Quest for the South Magnetic Pole

The Northern Party at the South Magnetic Pole. Photographer Douglas Mawson 1909. Courtesy Mawson Collection South Australian Museum

We recently posted about the centennial of Robert Falcon Scott‘s departure on his ill-fated expedition to reach the South Pole.   Now the Australian National Maritime Museum will host a new exhibit, the Quest for the South Magnetic Pole.    The quest to locate the magnetic pole is more challenging than I had ever imagined.   Apparently it can shift by as much as 200 km per day.  Fitting perhaps, Quest for the South Magnetic Pole is a travelling exhibition developed by the South Australian Maritime Museum and the South Australian Museum with support from Visions of Australia.  The exhibit will be on display from July 2nd to the tenth of October.

Quest for the South Magnetic Pole

An exhibition coming to the Australian National Maritime Museum shows how scientists and explorers have been racing to reach Earth’s South Magnetic Pole… and still haven’t quite got there.

They’ve got exceedingly close recently, with Australians leading the way to a point within a couple of km of the goal.

Problem is, the pole keeps moving… sometimes leaping more than 200 km a day.

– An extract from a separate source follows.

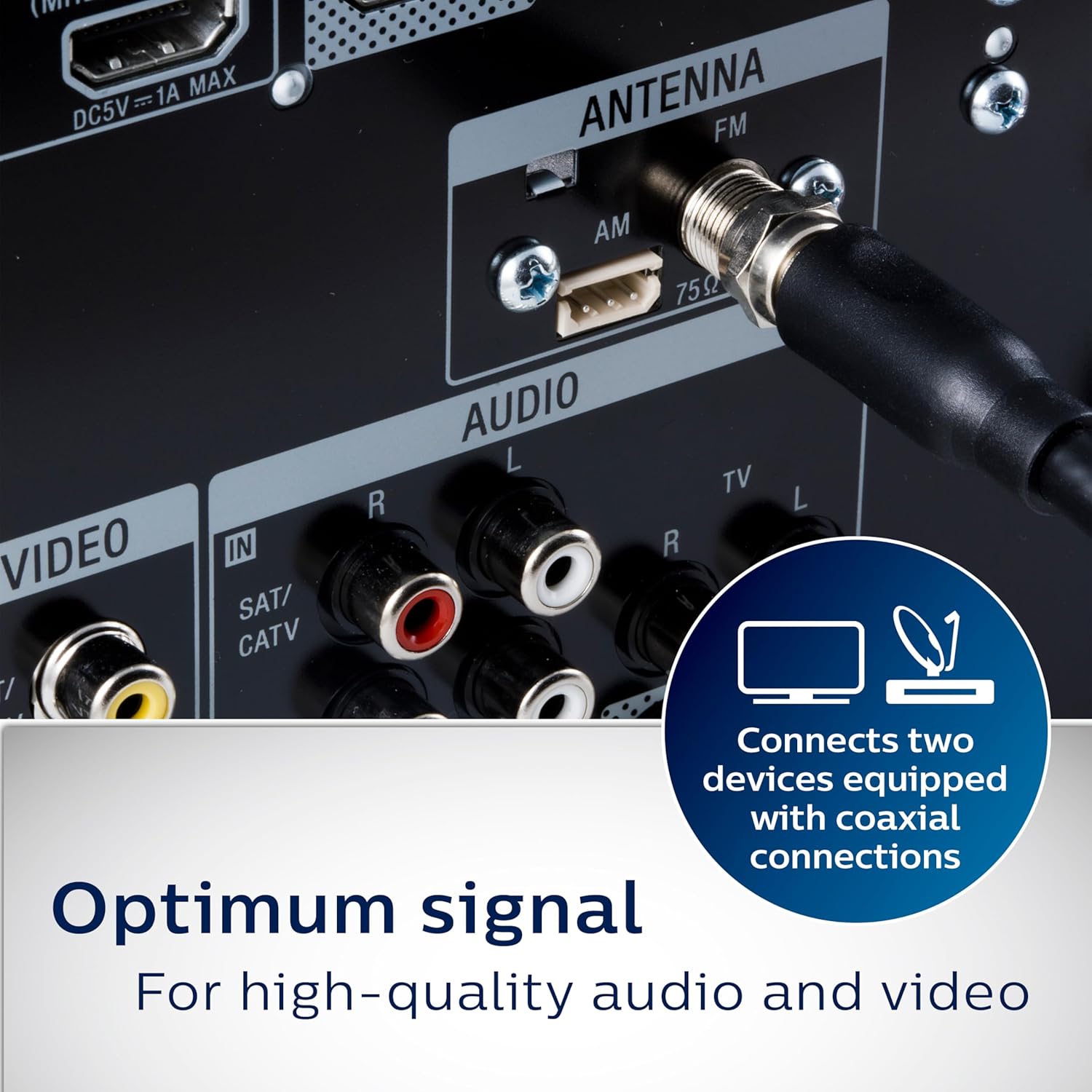 Easily connect your home entertainment system with the Philips RG6 Coaxial Cable. This 15ft. coax cable connects any two video components equipped with 'F' type jacks. It is for use on TVs, HDTV's, cable or antenna boxes, satellite, and DVRs. The quality coaxial cable provides a clear audio and video connection with double shield coax protection from signal loss or interference. It requires no hardwiring or permanent installation. Simply screw the connector on one end of the cable onto the 'F' type jack on the back of your component. Screw the connector on the other end of the cable onto the other 'F' type jack on the second component you wish to connect. This cable is for indoor use only and should not be used outdoors. Do not use for in-wall installations. The Philips RG6 Coaxial Cable is backed by a limited-lifetime warranty.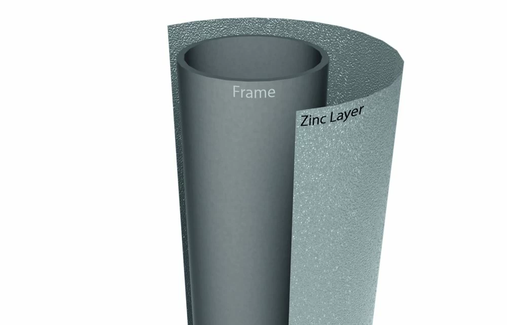 L’encadrement est inoxydable et a un revêtement en zinc solide.

The exhibition Quest for the South Magnetic Pole traces one of the longest and most curious pursuits in exploration history.

Earth’s magnetic poles – the points where a free-moving compass needle stands exactly vertical to Earth’s surface (pointing down at the North Magnetic Pole, up at the South Magnetic Pole) – have lured explorers for centuries.

In 1600 the English physician William Gilbert deduced that Earth itself acts as one great magnet, governing the movement of man-made compasses.

Since then scientists have discovered that Earth’s magnetic field is caused by molten iron sluicing around in the planet’s core.

The molten iron flow patterns change constantly in response to Earth’s rotation and other influences, with the result that Earth’s magnetic field changes slowly and the magnetic poles drift gradually across the globe’s surface.

In the past 100 years, the South Magnetic Pole has drifted 1140 km in a north-westerly direction at an average rate of 11 km a year, taking it across the Antarctic continent and out to sea. If it continues in this direction, some say in about 300 years it could reach Adelaide.